Мои брови поползли вверх против воли. Помогла с раной? Ещё и таким озаботилась? А сама всё ещё была на грани истерики: глаза блестели, губы дрожали. Очевидно, винила меня в том, что её благоверный пока исчез.
— Почему не прирезала меня и не сбежала обратно в свой лагерь? Ты ранена?
— Я? — удивилась вопросу она, но потом поняла. — Нет. Но я не знаю здесь вообще ничего. Даже и куда мне одной идти, снова в пасть к этим тварям? А для вас, очевидно, не будет проблемой найти наш лагерь и снова заявиться туда, верно? Я бы очень хотела сбежать, но… не нужно больше жертв. Пожалуйста.
Пусть девчонка была в ужасе и явно меня ненавидела, ненавидела всех нас, но мыслила рационально и эмоциям не поддавалась. Не кричала, не проклинала, не плакала и не умоляла. Отчего-то это вызывало невольное уважение — такому достоинству позавидовали бы даже заядлые негодяи из пустошей.

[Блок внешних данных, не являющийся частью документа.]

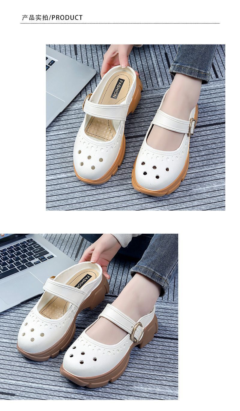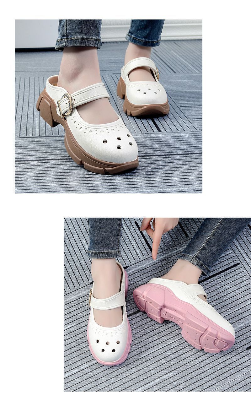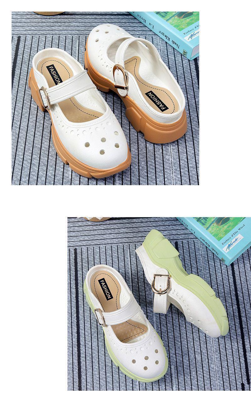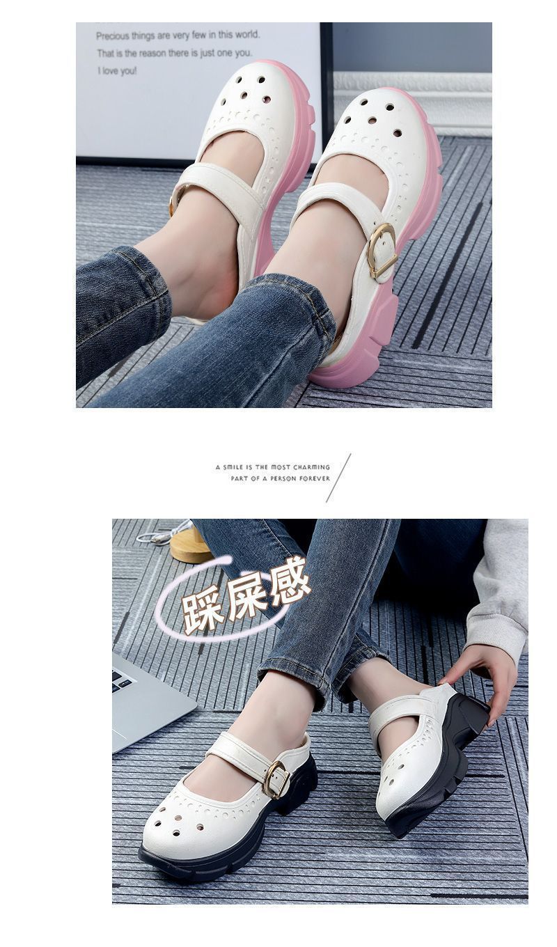Zapatos Croc Nuevos de Verano para Mujer Celebridad de Internet Recortes Moda Ropa Exterior Zapatillas Baotou Suela Gruesa Aumento de Altura Antideslizantes Sandalias Anti-Olor
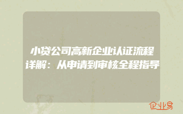 - 小贷公司高新企业认证流程详解:从申请到审核全程指导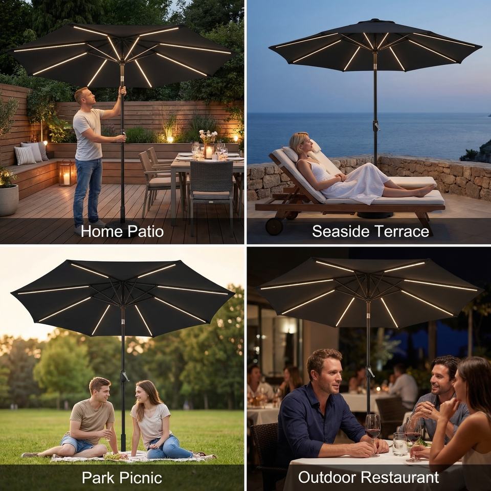 Sombrilla Redonda LED Solar Moderna de 2.7m, Impermeable, con Barras de Luz, Poste Central y Manivela de Inclinación, para Cafetería, Jardín, Exteriores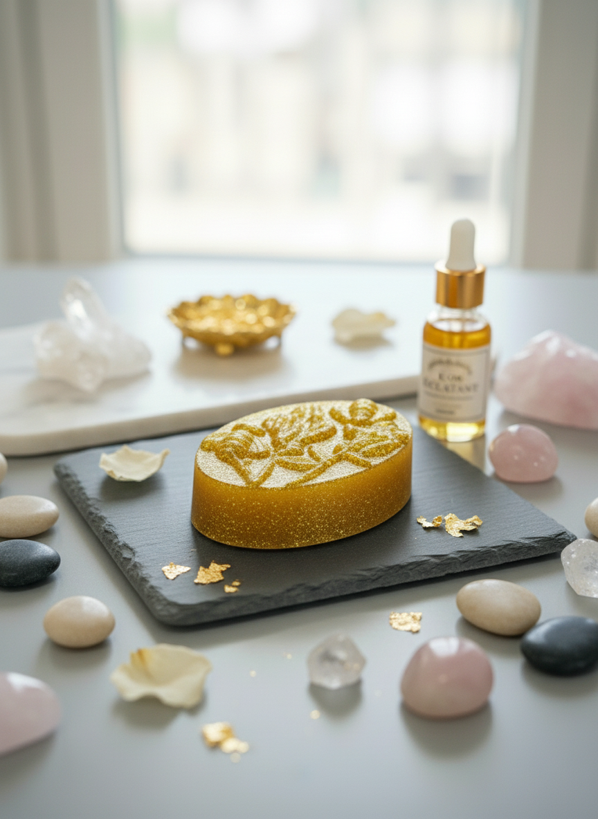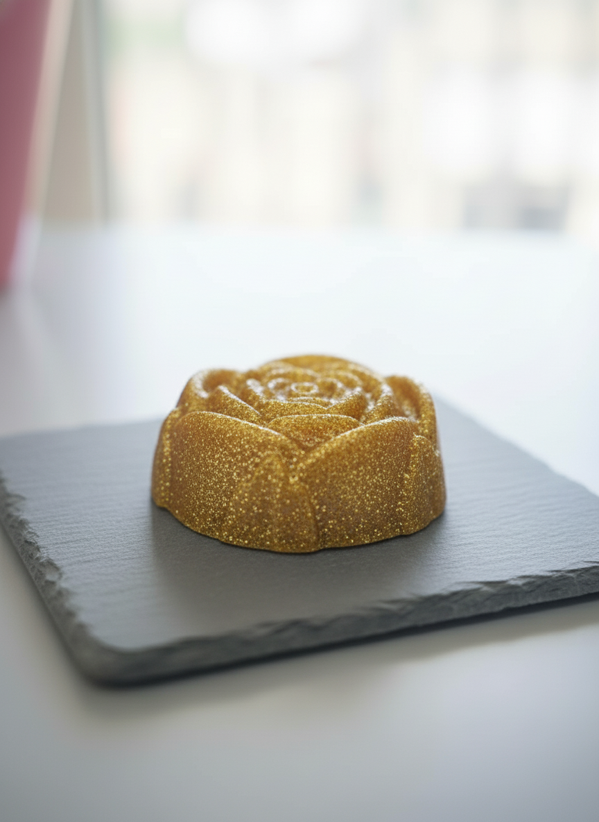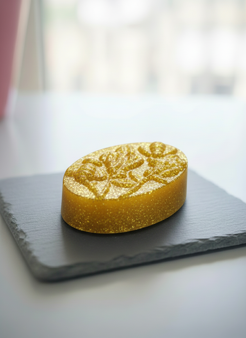 A luxurious handcrafted soap made with pure goat milk and infused with natural oils, rose essence, and a touch of shimmering glitter.
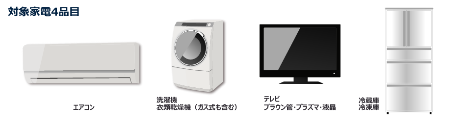 これらの4品目は小売業者による引取りおよびメーカー等(製造業者、輸入業者)によるリサイクルが義務付けられ、消費者には廃棄する際の収集運搬料金とリサイクル料金を支払うよう、役割をそれぞれが分担し、リサイクルを推進することが義務づけられています。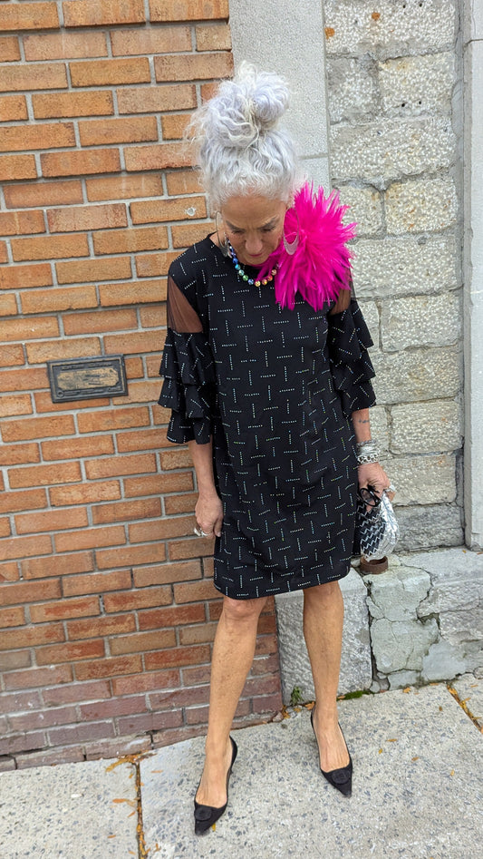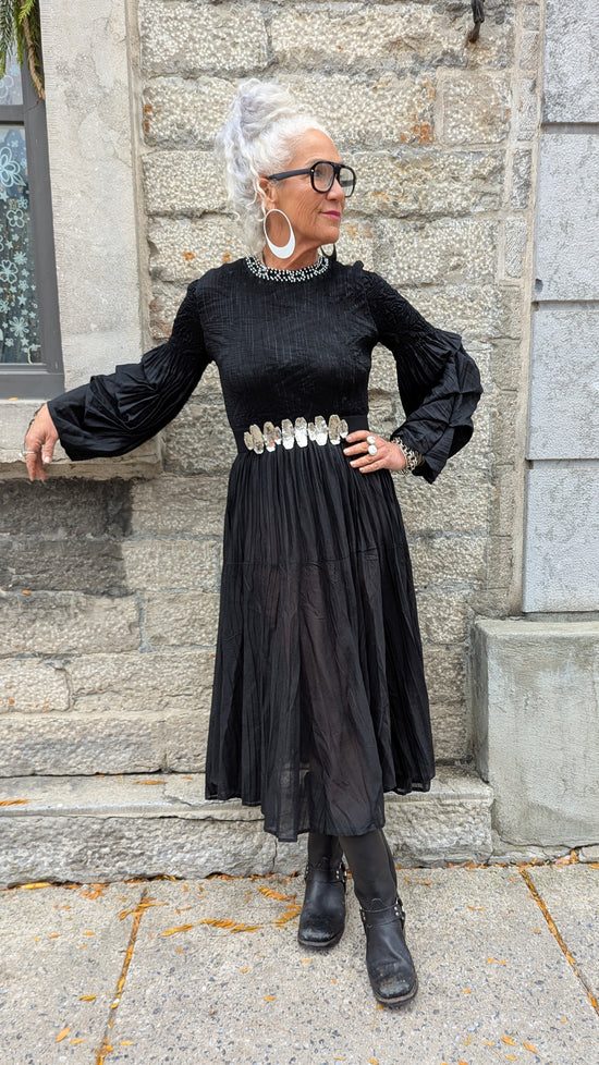 Black Smocked Maxi Dress with Pearl and Rhinestone Detailing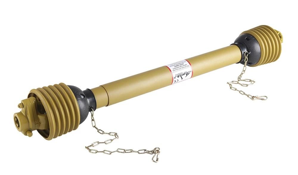 Eje de transmisión agrícola categoría T4 1200mm con sistema de protección por perno fusible. Diseñado específicamente para tractores compactos y medios que trabajan con maquinaria arrastrada o distanciada. Permite giros amplios con total seguridad y desconecta la transmisión al instante ante un bloqueo mecánico.

— Значит, пойдёшь с нами в город добровольно?
Риторический вопрос, но я мог предоставить ей хотя бы иллюзию возможности отказаться. Она мрачно усмехнулась, прекрасно всё понимая.
— Что вам нужно от меня, командир?
— Беллами, — зачем-то поправил я.
— Ладно, — согласилась девчонка. — Так что вам нужно от меня? Если… Если это то, что чуть не случилось в лагере, то лучше убейте меня прямо сейчас. Я даже скажу спасибо.
— Я хочу знать, кто ты. Откуда ты. И зачем ты здесь? Зачем все вы здесь?
Она прислонилась затылком к стволу и закрыла глаза. Боялась.
— Вы ведь всё равно не отпустите, если даже расскажу всё прямо сейчас.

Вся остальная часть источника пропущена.